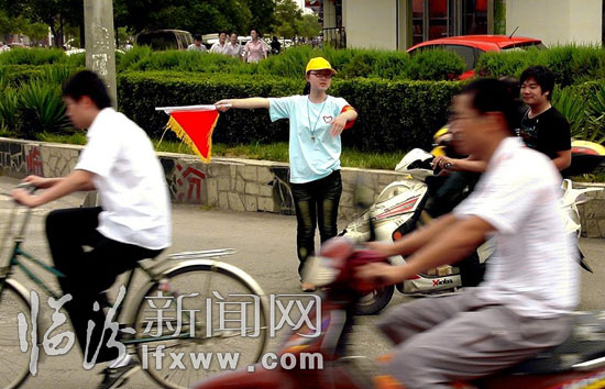 在临汾市鼓楼南红楼大十字路口上岗执勤的大三女大学生武苗璊告诉记者说,暑假期间自愿参与这次活动的大约有110名学生,他们多是大三大四学生,学生们自愿走上街头用实际行动体验和维护社会公共安全环境,这让他们感到非常快乐和光荣。(李典平 摄影报道)
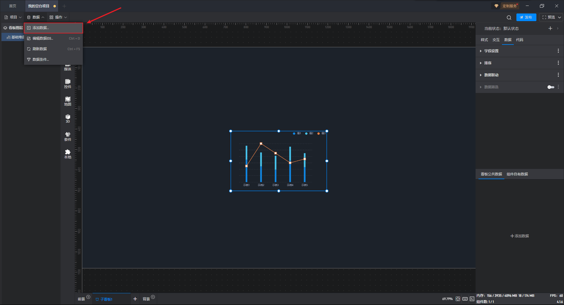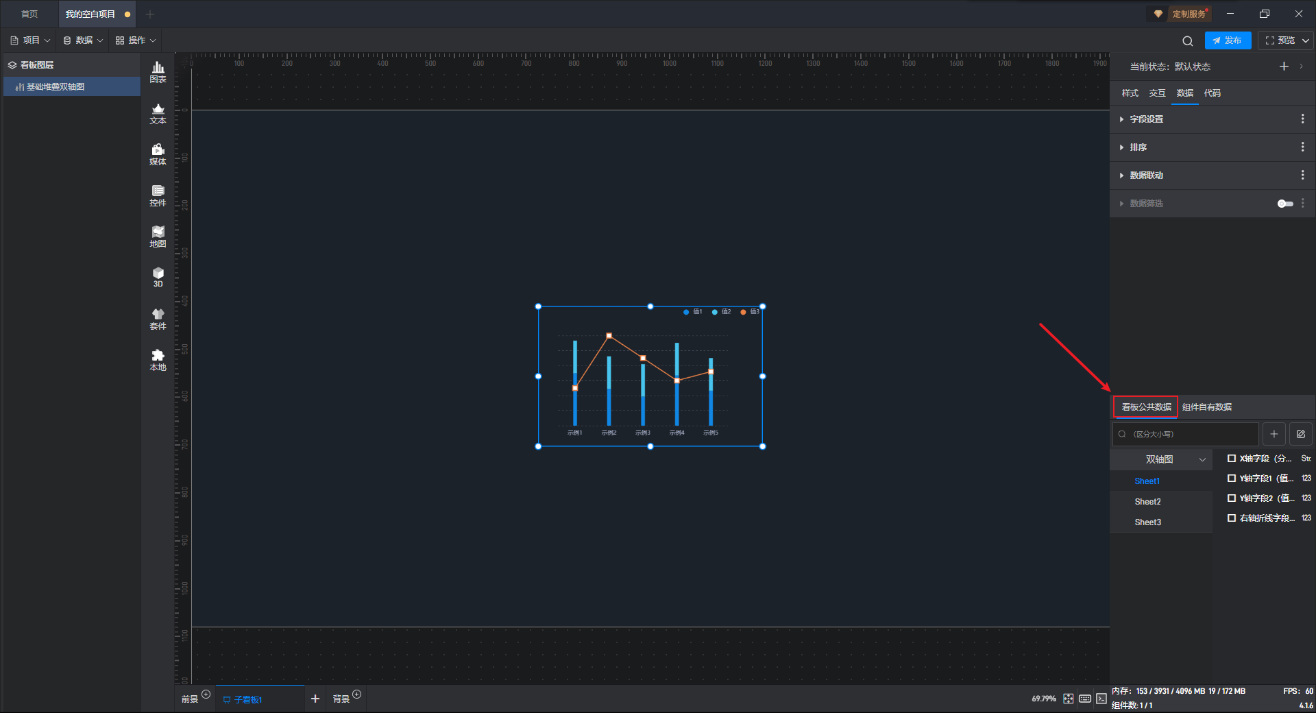 点击选中组件,在右侧“数据”设置窗口中切换到“看板公共数据”(同一个项目中所有数据源是共享的)。
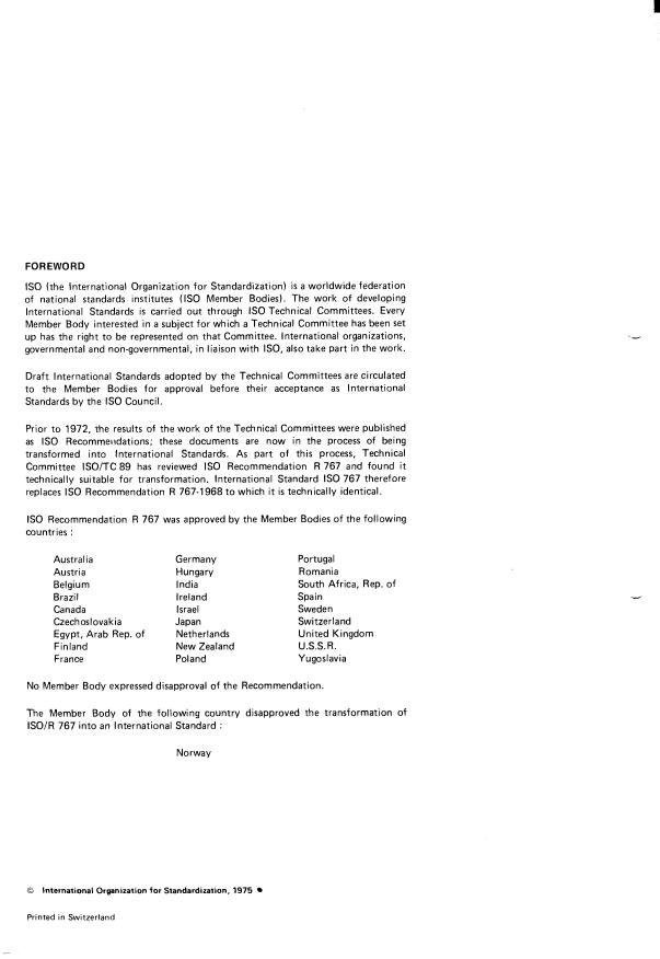 Committee ISO/TC 89 has reviewed IS0 Recommendation R 767 and found it
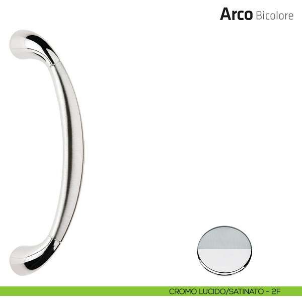 Brillante, specchiato, effetto tipico del metallo sono le caratteristiche del cromato lucido e del cromo satinato. Il maniglione per portone esterno Arco bicolore ha una linea moderna e innovativa che unita alla finitura cromata diventa un prodotto dal design unico e riconoscibile.
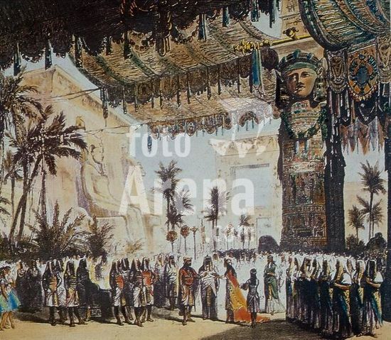 akg018666 Verdi, Giuseppe Italian composer, 1813 - 1901. Work: Aida (Opera, libretto Antonio Gislandi, première Cairo 1871). Set design for the 1880 Paris production. (Design by: Jean-Bapstiste Lavastre). Woodcut, coloured, contemporary. Author: ANONYMOUS.
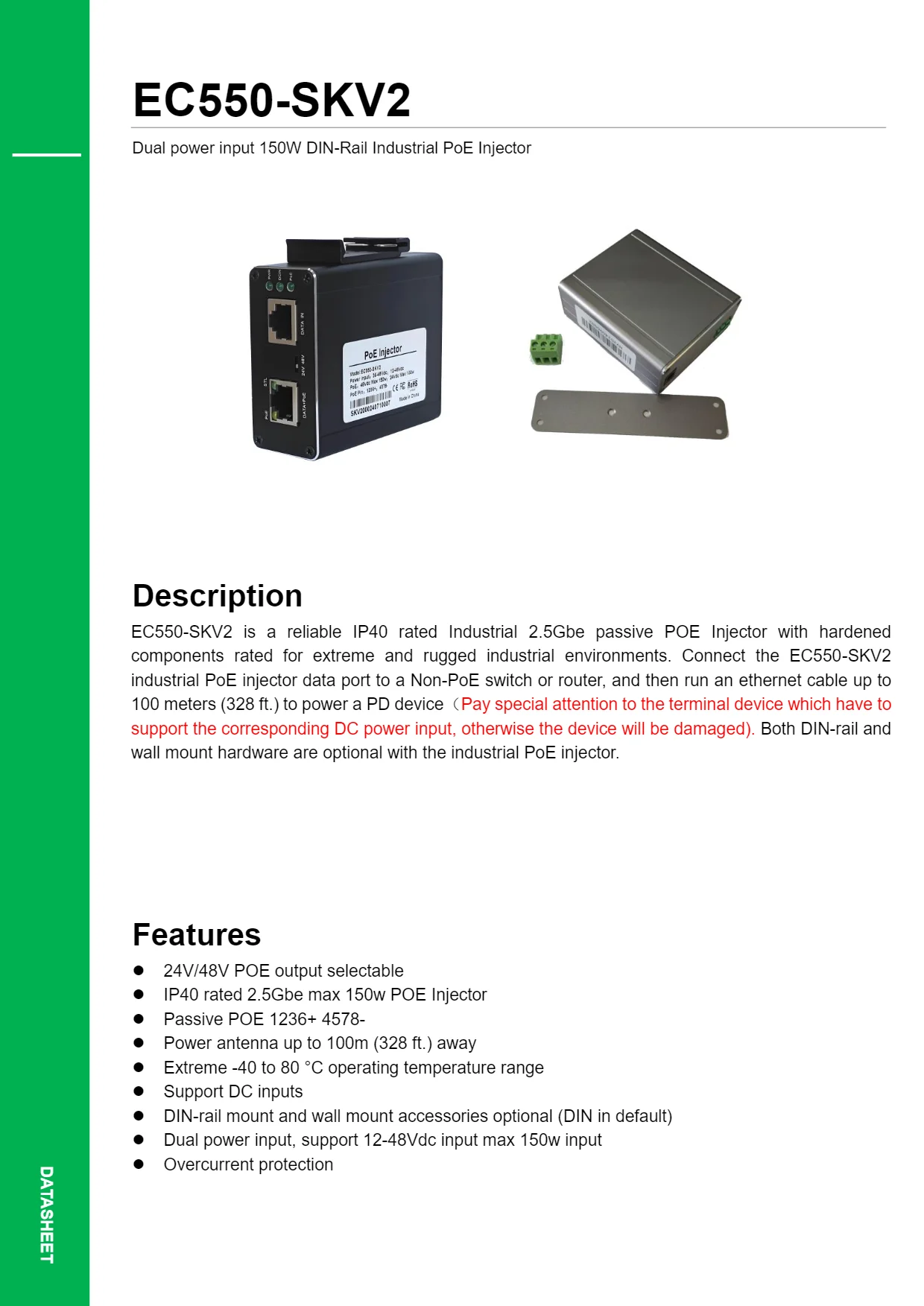 El inyector POE se entregará con un terminal DC por defecto, y si lo desea
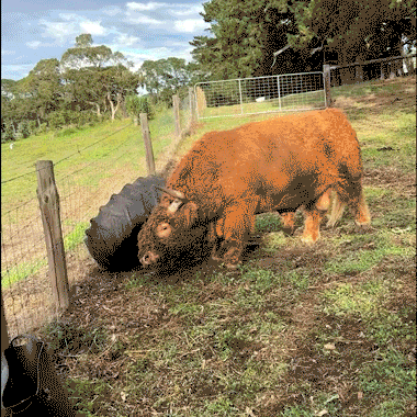 But one thing I am into is the training regimen of this steer. Woah! He is a mad unit, fully beef’ed (har!). If I was running one of those NFL teams, I’d hire him immediately. Just imagine the potential rushing and tackle strength. He’s already my choice for Defensive Lineman of the Year (is that a thing? It should be a thing).
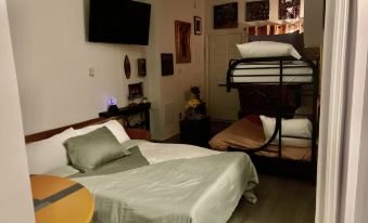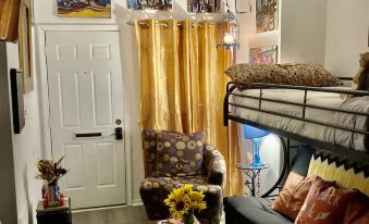 Experience city living in this historic, ground floor row house apartment. This roomy unit has soaring ceilings and sleeps 7. It is decorated with unique furnishings and features art from local artists. After a busy day, how nice would it be to melt into the world’s most comfortable mattress? This PranaSleep mattress is dreamy and like sleeping on a cloud. There is a darling back yard for use, please note, it is a work in progress. A short walk to the famous boardwalk, beach, shops & resorts.About pets:No pets allowed.About checkOut:Check out before 11:00 AM.About children:Children allowed: ages 0-17.About checkIn:Check in after 4:00 PM.About smoking:Smoking is not permitted.About minBookingAge:Minimum age to rent: 18.About events:Events allowed: family gatherings, birthday parties, weddings.Maximum event attendees: 12.
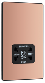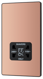 Polished Copper Evolve 115-240V Dual Voltage Shaver Socket - Black Insert
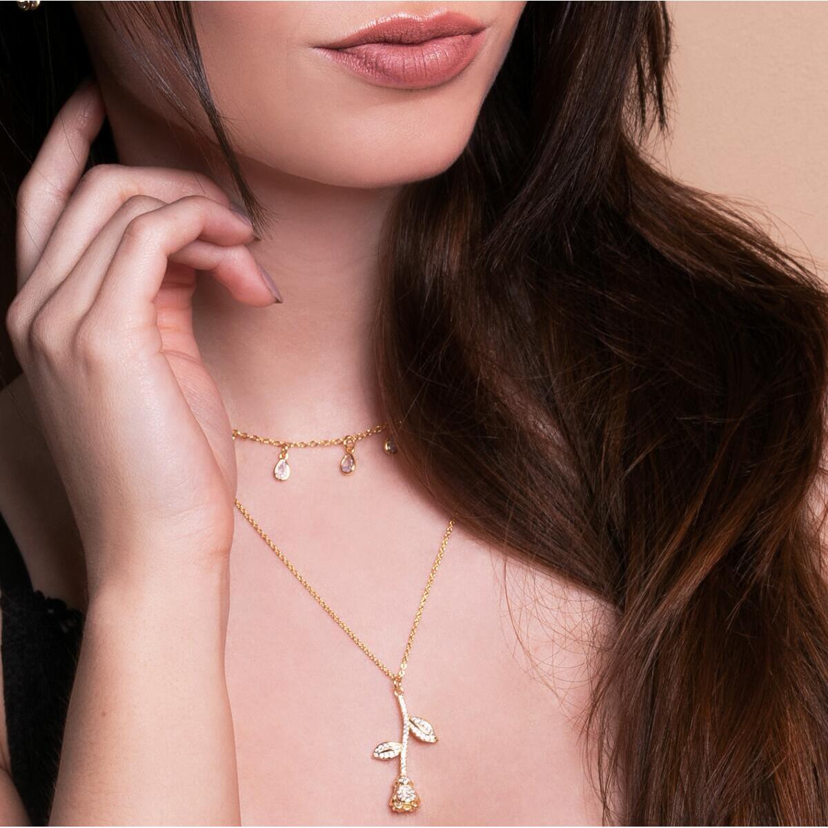 Die zarte und elegante DJADEE "Rose" Kette mit brilliantlichen Zirkonia und echtem Goldglanz steht für Liebe, Dankbarkeit, Romantik und Glück. Besonderes und bedeutungsvolles Geschenk für Ihre Liebste, passend zum Jubiläum, zum Valentinstag, zum Geburtstag und vielen anderen besonderen Feiertagsveranstaltungen. Bestandteil des Verschlusses ist eine Verlängerung, mit der die Länge der Halskette reguliert werden kann. Durch ihre Schlichtheit lässt sie sich perfekt mit anderen Ketten kombinieren.

+++++

# EXERCISE:
Pictures stay out; everything else in the records above gets copied exactly.

# REPLY TO THE EXERCISE:
 在临汾市鼓楼南红楼大十字路口上岗执勤的大三女大学生武苗璊告诉记者说,暑假期间自愿参与这次活动的大约有110名学生,他们多是大三大四学生,学生们自愿走上街头用实际行动体验和维护社会公共安全环境,这让他们感到非常快乐和光荣。(李典平 摄影报道)
 点击选中组件,在右侧“数据”设置窗口中切换到“看板公共数据”(同一个项目中所有数据源是共享的)。
 Committee ISO/TC 89 has reviewed IS0 Recommendation R 767 and found it
 Brillante, specchiato, effetto tipico del metallo sono le caratteristiche del cromato lucido e del cromo satinato. Il maniglione per portone esterno Arco bicolore ha una linea moderna e innovativa che unita alla finitura cromata diventa un prodotto dal design unico e riconoscibile.
 akg018666 Verdi, Giuseppe Italian composer, 1813 - 1901. Work: Aida (Opera, libretto Antonio Gislandi, première Cairo 1871). Set design for the 1880 Paris production. (Design by: Jean-Bapstiste Lavastre). Woodcut, coloured, contemporary. Author: ANONYMOUS.
 El inyector POE se entregará con un terminal DC por defecto, y si lo desea
 But one thing I am into is the training regimen of this steer. Woah! He is a mad unit, fully beef’ed (har!). If I was running one of those NFL teams, I’d hire him immediately. Just imagine the potential rushing and tackle strength. He’s already my choice for Defensive Lineman of the Year (is that a thing? It should be a thing).
 Experience city living in this historic, ground floor row house apartment. This roomy unit has soaring ceilings and sleeps 7. It is decorated with unique furnishings and features art from local artists. After a busy day, how nice would it be to melt into the world’s most comfortable mattress? This PranaSleep mattress is dreamy and like sleeping on a cloud. There is a darling back yard for use, please note, it is a work in progress. A short walk to the famous boardwalk, beach, shops & resorts.About pets:No pets allowed.About checkOut:Check out before 11:00 AM.About children:Children allowed: ages 0-17.About checkIn:Check in after 4:00 PM.About smoking:Smoking is not permitted.About minBookingAge:Minimum age to rent: 18.About events:Events allowed: family gatherings, birthday parties, weddings.Maximum event attendees: 12.
 Polished Copper Evolve 115-240V Dual Voltage Shaver Socket - Black Insert
 Die zarte und elegante DJADEE "Rose" Kette mit brilliantlichen Zirkonia und echtem Goldglanz steht für Liebe, Dankbarkeit, Romantik und Glück. Besonderes und bedeutungsvolles Geschenk für Ihre Liebste, passend zum Jubiläum, zum Valentinstag, zum Geburtstag und vielen anderen besonderen Feiertagsveranstaltungen. Bestandteil des Verschlusses ist eine Verlängerung, mit der die Länge der Halskette reguliert werden kann. Durch ihre Schlichtheit lässt sie sich perfekt mit anderen Ketten kombinieren.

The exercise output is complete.